Andor Episode 5 review: Star Wars writing has never been this good
Andor Episode 5 solidifies the show’s best qualities: its methodical pace; its conscious, affecting writing; and a palpable atmosphere of dread and hope, swirling together.
My eyes and ears have grown attuned to the search for Easter eggs, cameos, and fan-pleasing teasing. But with each installment, Andor feels like its own quiet rebellion against the Star Wars content machine.
There’s no traditional hero figure. Don’t go looking for a Poe Dameron or Finn among the Rebels. Even the villains are more self-aware than their sniveling predecessors. For once, it feels like we’re expanding the galaxy far, far away in a meaningful, authentic way.
Episode 5 is brave, if only for how it refuses to hop, skip, and jump to the nearest perilous escapade after the action-packed highs of Episode 3.
Spoilers for Andor Episode 5 to follow…
Andor Episode 5: Syril’s bitterness grows at home
The episode begins with Syril Karn (Kyle Soller) at home with his mum Eedy (Kathryn Hunter), lost in the blue void of his bowl of cereal. I implore you to look around the set in this scene. The production design is superb; the subtle blinking lights, the mustard seating on the off-white paneling.
The pair bicker about Syril’s lack of communication and “future prospects”, and she decides to call Uncle Harlo to find him work. This is a man cast aside by force he pledged his allegiance to, and his wistful anger screams from his constant grimace.
He eventually seeks solitude in his room, glancing out as the Empire blocks the sun, and staring into Cassian’s (Diego Luna) holograph.
Andor Episode 5: Rebels with a cause
Meanwhile, back at the Rebel camp, Cassian wakes up to find somebody has taken his gear from his bedside. He catches Skeen (Ebon Moss-Bachrach) inspecting it on the instruction of Val, and he notes his small inventory. “You left in a hurry,” he says.
They speak about their experiences in war. “The axe forgets but the tree remembers. Now it’s our turn to do the chopping,” Skeen says – it’s a line so good it makes you forget you’re watching Star Wars.
If you were expecting the squad to carry out their pincer movement, fool on you. Episode 5 is all about getting to know the people behind the rebellion, whether it’s Skeen’s tragic reasons for hating the Empire – which fuel his distrust of Andor, especially when he finds his Sky Kyber – or Nemik’s (Alex Lawther) ambitions to write a manifesto.
With the latter, it’s a minute-long stretch of incisive, political musings far beyond the usual dose of under-the-Empire-thumb complaints. “The pace of repressions outstrips our ability to understand it,” Nemik says. It’s hard to overstate Tony Gilroy’s mature influence on the series.
Cassian begins to peel back the group’s half-baked training. They walk like soldiers, but don’t carry their guns correctly. They know how to get to the freighter, but they don’t know how to fly it out. Then there’s the threat from the skies, with a TIE Fighter bringing its deafening wail along the valley. “Surprise from above is never as shocking as one from below,” Nemik quips.

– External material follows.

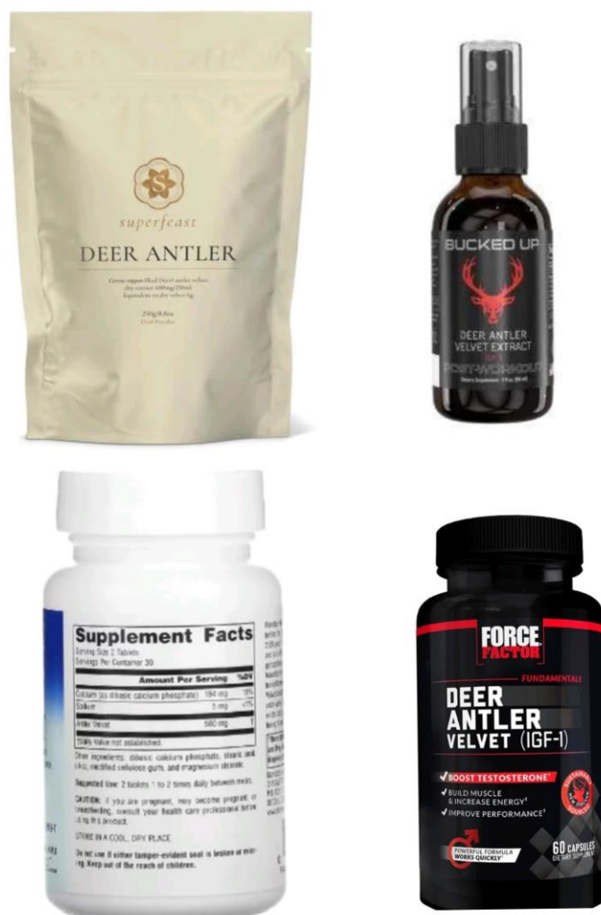
Figure 3: Image showing different market forms of Deer Antler Velvet (capsules/tablets, powder/extract, and liquid/spray).
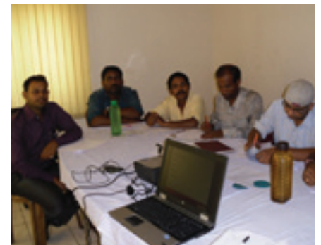
Risk Management Team Training

ICML has applied the principles of risk management to control hazards common to surface mines and unique to rural West Bengal. All supervisors are trained in risk management. Management, with the support of Norwest's experts, has established several teams with responsibilities for specific areas, and the teams' proposed controls are being implemented. ICML has modified their risk management program to fit the distinct cultural, environmental, and geologic needs of SOCM. The company has effectively devised risk controls which make the ICML risk management program an example of how safety tools, if mastered and aggressively applied, can overcome significant challenges.

Andor Episode 5: Luthen and Mon Mothma take a backseat
We catch brief scenes of Luthen (Stellan Skarsgård) and Mon Mothma (Genevieve O’Reilly). The former is only seen towards the end, attentively and nervously listening to a radio in his shop on the eve of the mission. His absence is felt, but not so much that it encumbers the episode.
Our moments with Mon Mothma are a bit miserable. This time, we see how her passive-aggressive dynamic with her husband has infested her daughter, who’s uninterested in any of her mum’s political engagements or efforts to include her.
We also touch base with Dedra Meero (Denise Gough), who’s still trying to remove the stones from Luthen’s trail. While clearly the main antagonist of Andor, she’s not angsty or hysterical in her goal to catch them – she even praises them, saying: “If it were me, this is how I’d do it.”
Andor Episode 5: The Rebellion reframed for a new saga
In past Star Wars shows and movies, the Empire’s malevolence has bordered on pantomimic, never afraid to exert its force but still overtly wicked.
Here, their impact is woven into the fabric of society, from the ever-changing infrastructure to families who’ve lost brothers and sisters to the despair of their rule. “Everyone has their own rebellion,” Vel tells Cassian. Already, Andor is operating in a different emotional league.